Task prompt: Excluding pictures, reproduce word for word the lines from the one containing "Flere af vores" through the end of the material below.

Information shown:
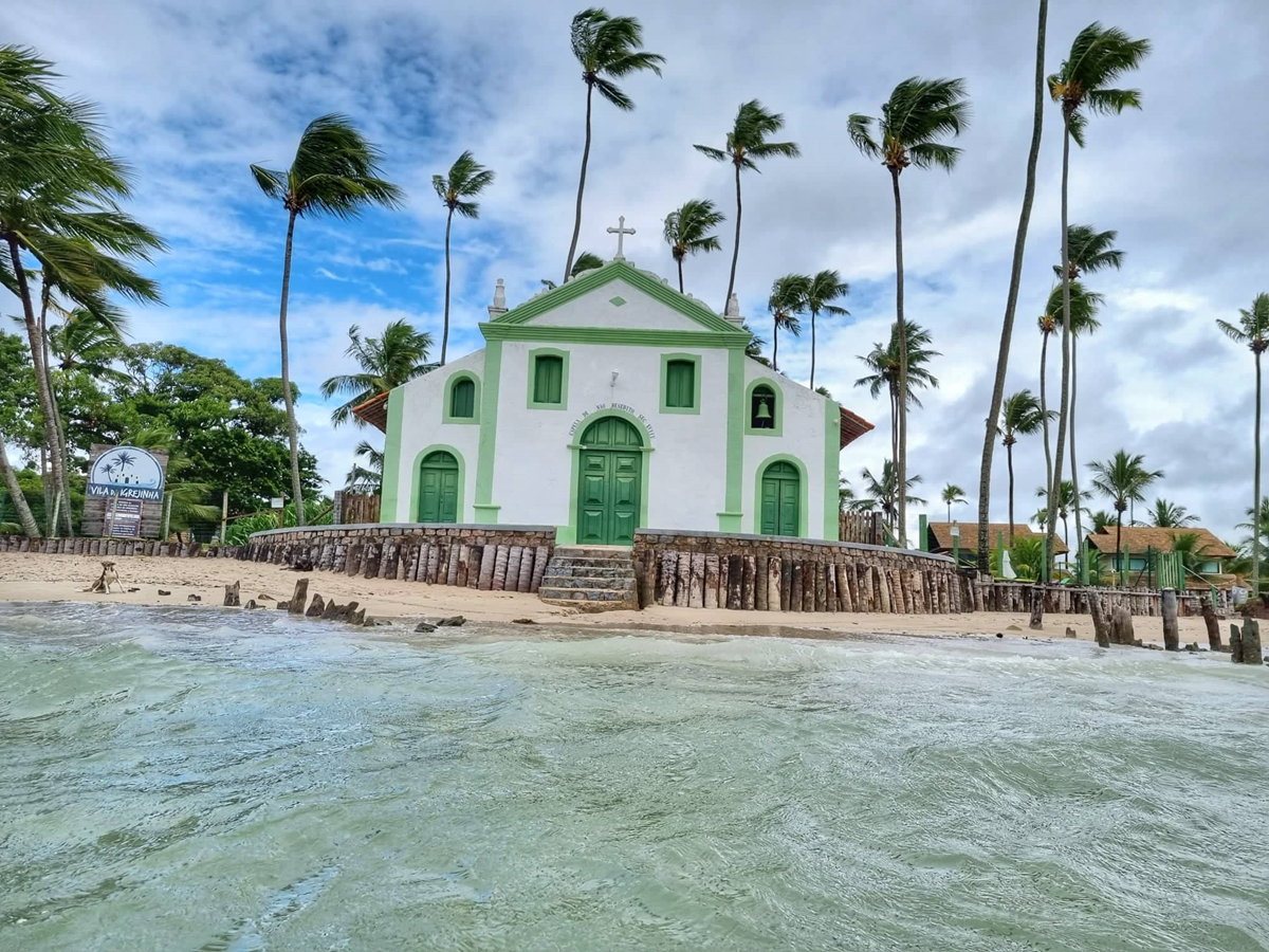 A praia mesmo com o tempo nublado é bem bonita e fizemos também a caminhadinha para tirar a foto clássica na igrejinha, embora a charmosa capelinha seja conhecida por todos como igrejinha de Carneiros, o nome oficial da igrejinha na Praia dos Carneiros é Capela de São Benedito.
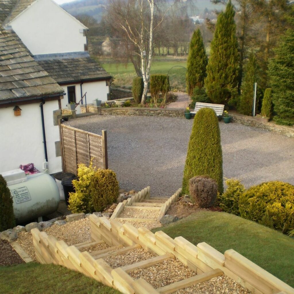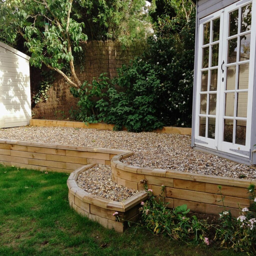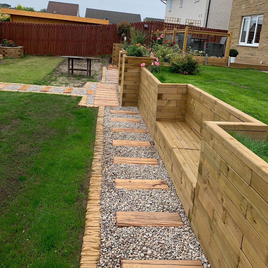 Flere af vores kunder har løst dette utrolig flot og har bygget videre på støttemuren for at skabe en kombineret støttemur, trin og bedkant i én samlet konstruktion – brug vores gratis designservice, hvis du er interesseret i denne type design. Vores kunder Ruth og James har brugt en lav støttemur til at skabe niveauer i deres nyanlagte have. Det viser virkelig alsidigheden i WoodBlocX, og hvordan det kan bruges til forskellige formål.
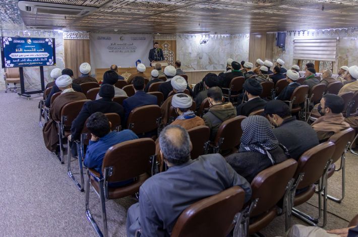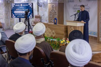 La cérémonie de clôture, qui s'est tenue dans la salle du département du sanctuaire de l'Imam al-Mahdi (que Dieu hâte son retour), a permis d'honorer le formateur, le cheikh Dr Arkan al-Tamimi, ainsi que les participants.

Solution for this task:
 Flere af vores kunder har løst dette utrolig flot og har bygget videre på støttemuren for at skabe en kombineret støttemur, trin og bedkant i én samlet konstruktion – brug vores gratis designservice, hvis du er interesseret i denne type design. Vores kunder Ruth og James har brugt en lav støttemur til at skabe niveauer i deres nyanlagte have. Det viser virkelig alsidigheden i WoodBlocX, og hvordan det kan bruges til forskellige formål.
 La cérémonie de clôture, qui s'est tenue dans la salle du département du sanctuaire de l'Imam al-Mahdi (que Dieu hâte son retour), a permis d'honorer le formateur, le cheikh Dr Arkan al-Tamimi, ainsi que les participants.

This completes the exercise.